_Task statement_. Beginning with the line of the entries below that holds "Somali American in" and ending with the line that holds "so good | |", transcribe each line exactly as written. Pictures stay out.

++++ Information given ++++

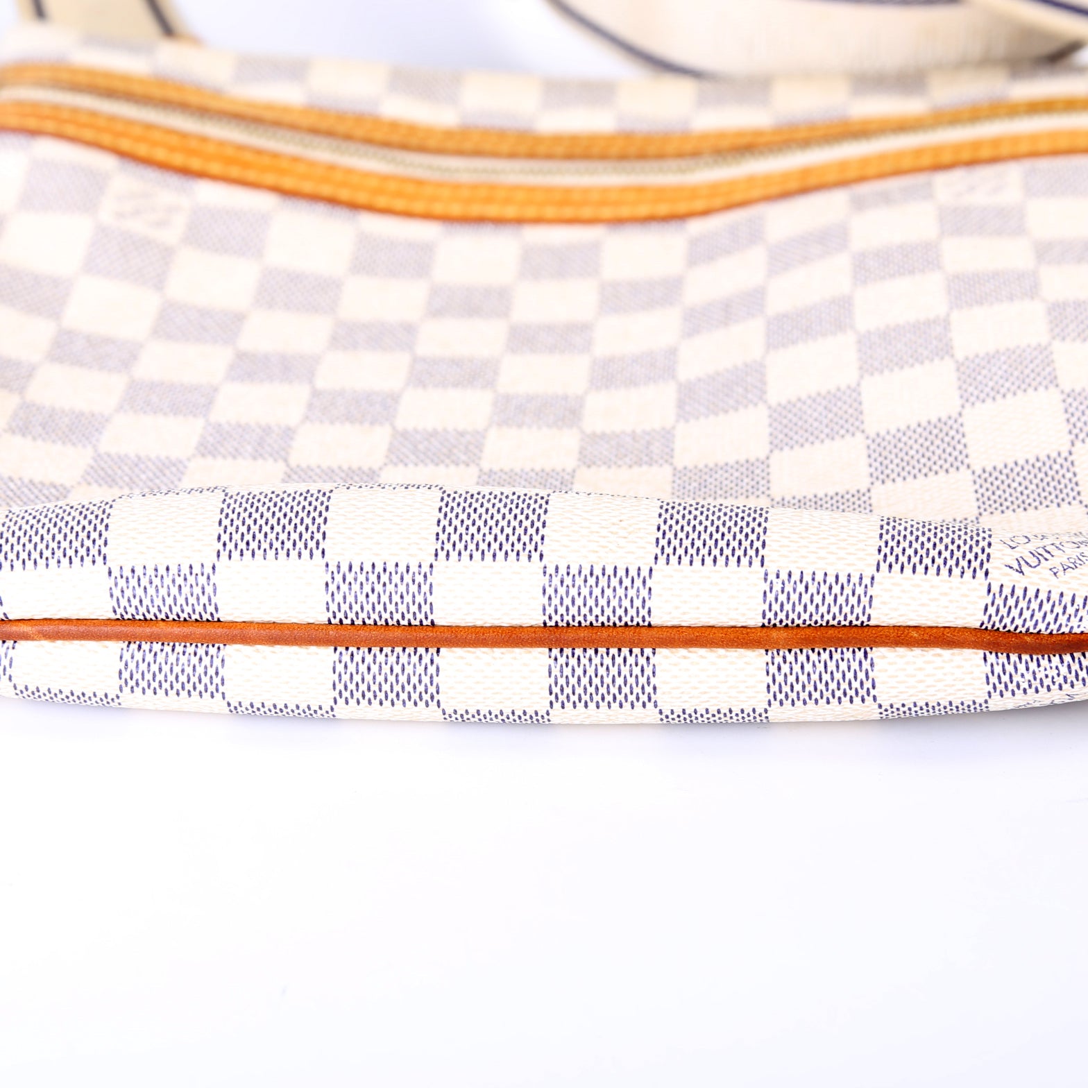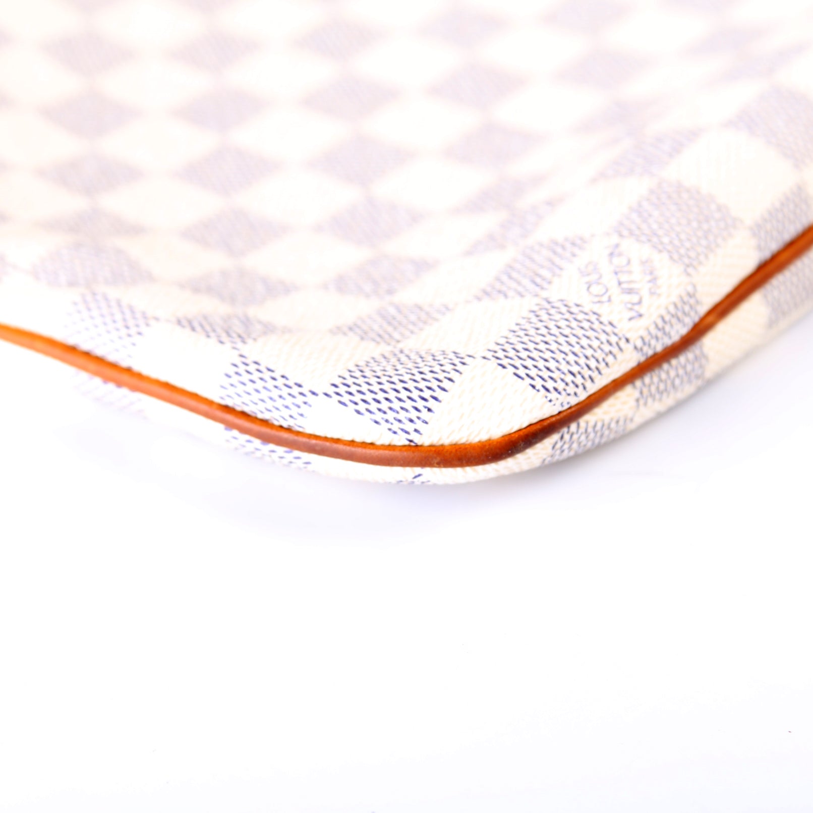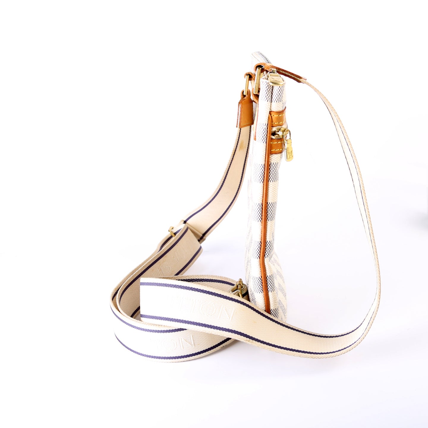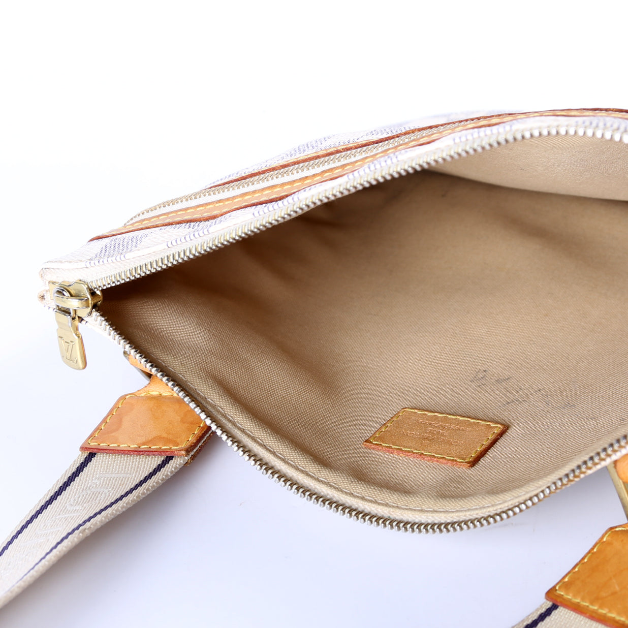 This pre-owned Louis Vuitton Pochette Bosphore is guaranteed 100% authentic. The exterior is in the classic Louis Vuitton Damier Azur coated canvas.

++++
++++ Information given ++++

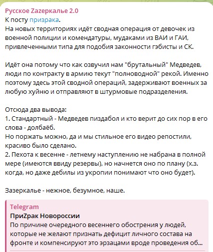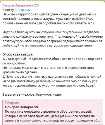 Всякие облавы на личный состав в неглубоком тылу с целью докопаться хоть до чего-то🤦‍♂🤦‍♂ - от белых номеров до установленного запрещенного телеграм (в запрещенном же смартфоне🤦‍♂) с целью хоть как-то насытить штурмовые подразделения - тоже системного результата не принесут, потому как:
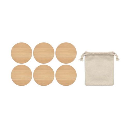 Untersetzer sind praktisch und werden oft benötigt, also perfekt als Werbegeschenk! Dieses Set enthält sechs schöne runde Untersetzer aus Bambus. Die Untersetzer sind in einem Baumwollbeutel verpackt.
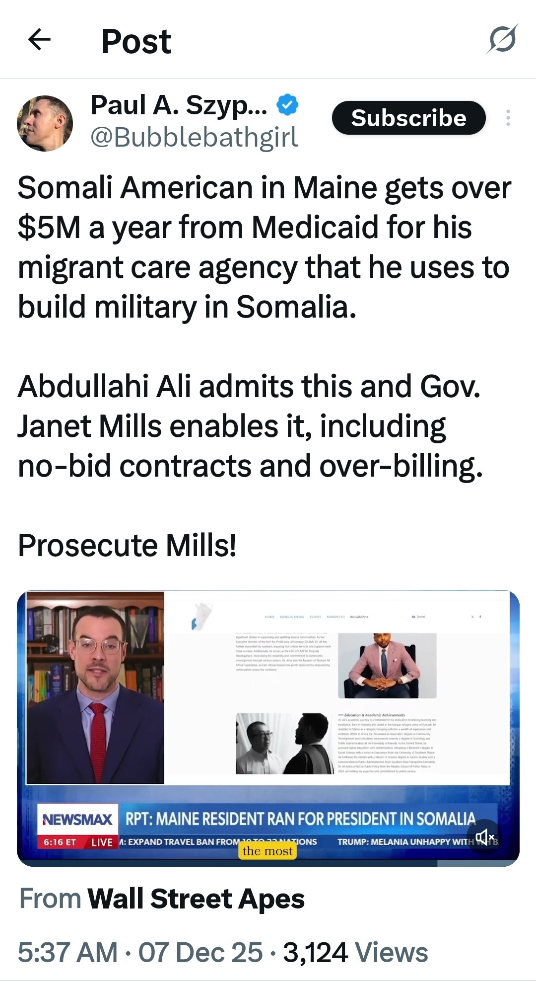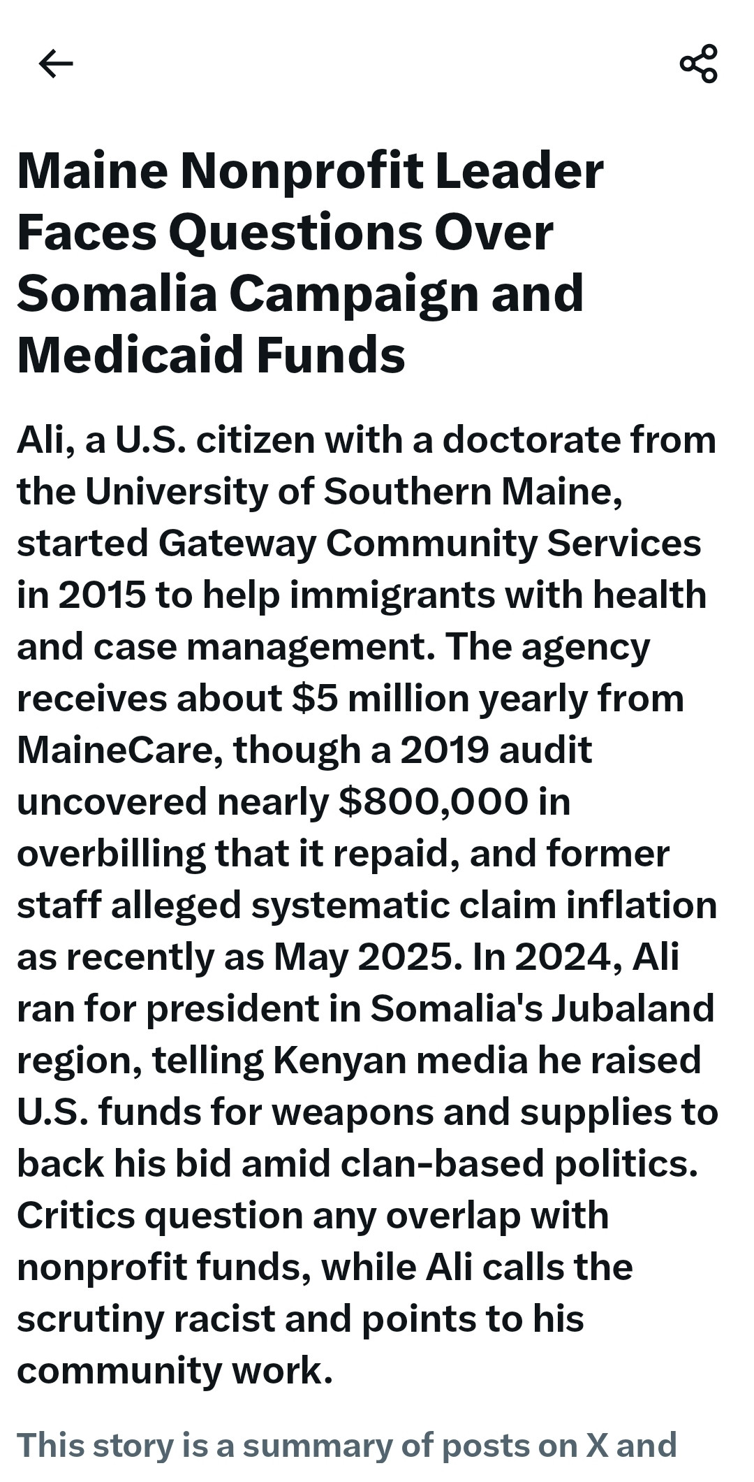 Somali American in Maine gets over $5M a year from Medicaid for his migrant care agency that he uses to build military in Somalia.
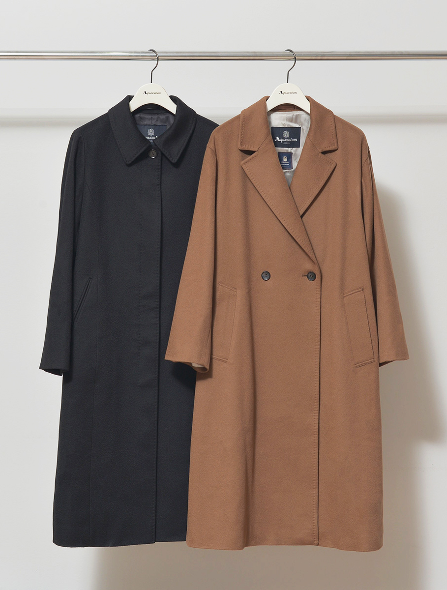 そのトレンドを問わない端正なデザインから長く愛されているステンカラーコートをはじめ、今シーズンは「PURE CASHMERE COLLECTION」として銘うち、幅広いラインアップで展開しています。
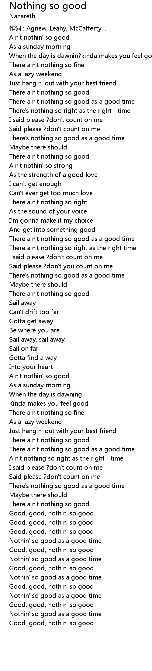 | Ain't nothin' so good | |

++++
++++ Information given ++++

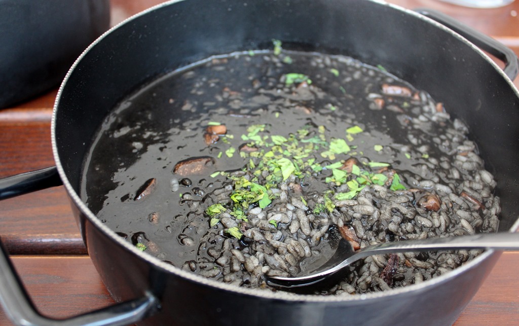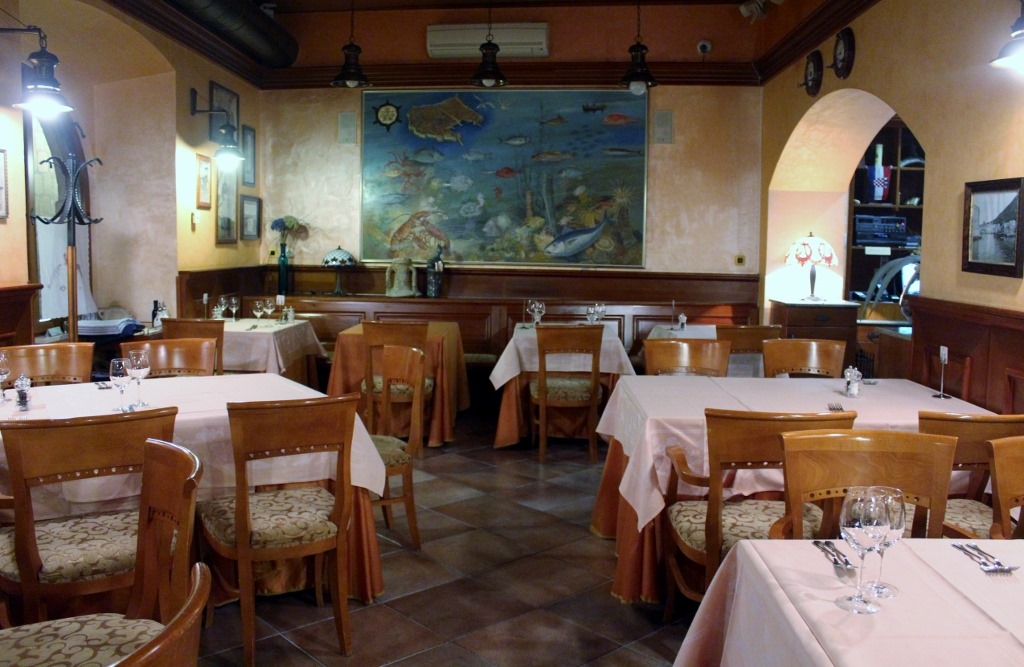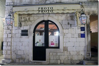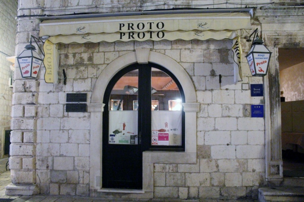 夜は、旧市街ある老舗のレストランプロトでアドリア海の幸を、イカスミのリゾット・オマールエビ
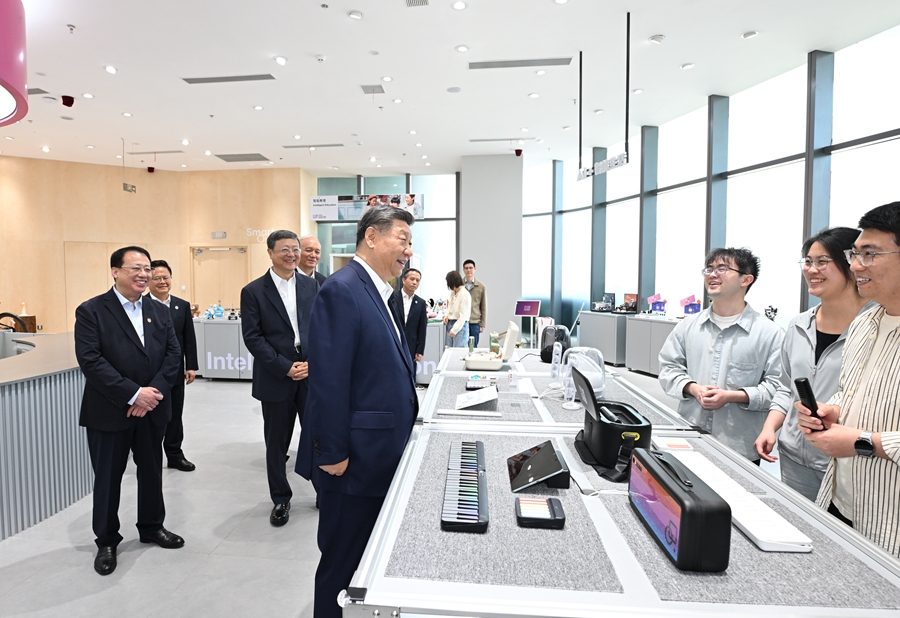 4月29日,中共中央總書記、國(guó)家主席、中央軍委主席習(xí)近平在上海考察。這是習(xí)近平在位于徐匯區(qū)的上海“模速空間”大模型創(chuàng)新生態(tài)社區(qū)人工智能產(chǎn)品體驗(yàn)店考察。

++++

_Solution below_.
 Somali American in Maine gets over $5M a year from Medicaid for his migrant care agency that he uses to build military in Somalia.
 そのトレンドを問わない端正なデザインから長く愛されているステンカラーコートをはじめ、今シーズンは「PURE CASHMERE COLLECTION」として銘うち、幅広いラインアップで展開しています。
 | Ain't nothin' so good | |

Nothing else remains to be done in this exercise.